When she entertains the King Henry III of France, his delight in her changes the course of the city's history. Despite the sheer hutzpa of the imaginative plot, it's not entirely impossible, as courtesans with access to royal courts did indeed occasionally have small inputs into matters of state.
History's Veronica Franco was a cortigiana onesta or "intellectual prostitute" of Renaissance Venice, a figure of court roughly equivalent to the heterai of ancient Athens.
In rough outline many of the events of the film, including her appearance before the Inquisition, are factual, though the treatment is as romantic fiction.
The viewer is bound to like the fictional version of Veronica sufficiently to just want to go along with the fantasy of the Heroic Whore Of Profound Beauty Saving The Nation.
Such fiction so much more fun than a story of the fates of the greater majority of courtesans, doomed to die young with festering soars rotting off their noses. (Even history's Veronica Franco died neglected & largely forgotten in her forties, which fact the bodice ripper treatment of her biography musts evade.)
So too to see her beloved Marco Venier in swashbuckling circumstances equally upraises him in the fantasy of being worthy of a super-harlot's love.
It wouldn't be a proper bodice-ripper without villains & danger, so the Holy Inquisition descends upon the city. Veronica's powerful patrons fear the Church & abandon her in an hour of need, when she is charged not with prostitution, a venial sin that would not have involved the Inquisition, but with witchcraft, making painful execution the intended outcome.
The details of the trial are strictly imaginary, though it is known at least that Franco was brought before the Inquisition & charges dismissed. Here it is staged in a jural manner that never seemed likely, the film's final act is essentially a courtroom drama.
When Marco Venier stands in the court to change the course of the case, it's the perfect hero-to-the-rescue situation. His overwrought speech to the "holy" judges & to the cowed noblemen of the city who nearly let her burn is hokum of the highest order, but Rufus is damned sexy pulling it off.

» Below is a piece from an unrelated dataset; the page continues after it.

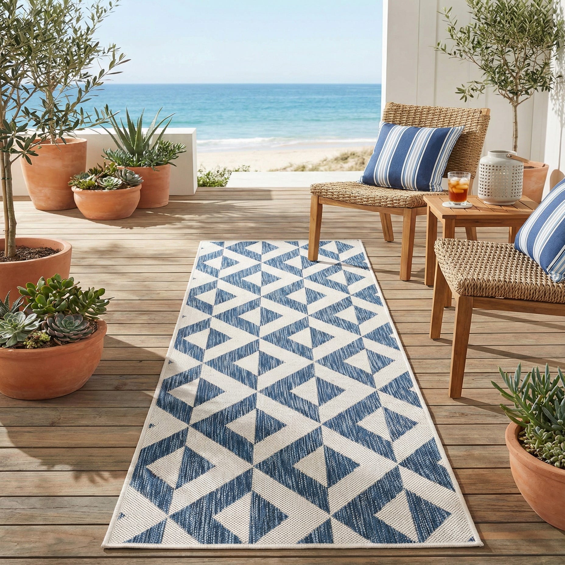 A crisp geometric layout of interlocking diamonds and chevrons sits in ivory against a blue ground, creating a modern, graphic look. The blue fields display subtle vertical striations that add depth and movement to the pattern, while the ivory shapes deliver clear contrast. Machine made from 100% polypropylene, the rug has a low-profile, flatweave texture that feels firm beneath your fingers with a slightly ribbed hand and a clean, woven surface.

Lush photography & costumes, delightfully pictorial throughout, Dangerous Beauty is very winning junk food. For viewers not usually into a trashy historical romances, this one will probably provide inroads as to why so many women love the hell out of such literature. It's got beauty & conviction that completely trumps the fact that it has only slightly greater historicity than the average Harlequin Romance.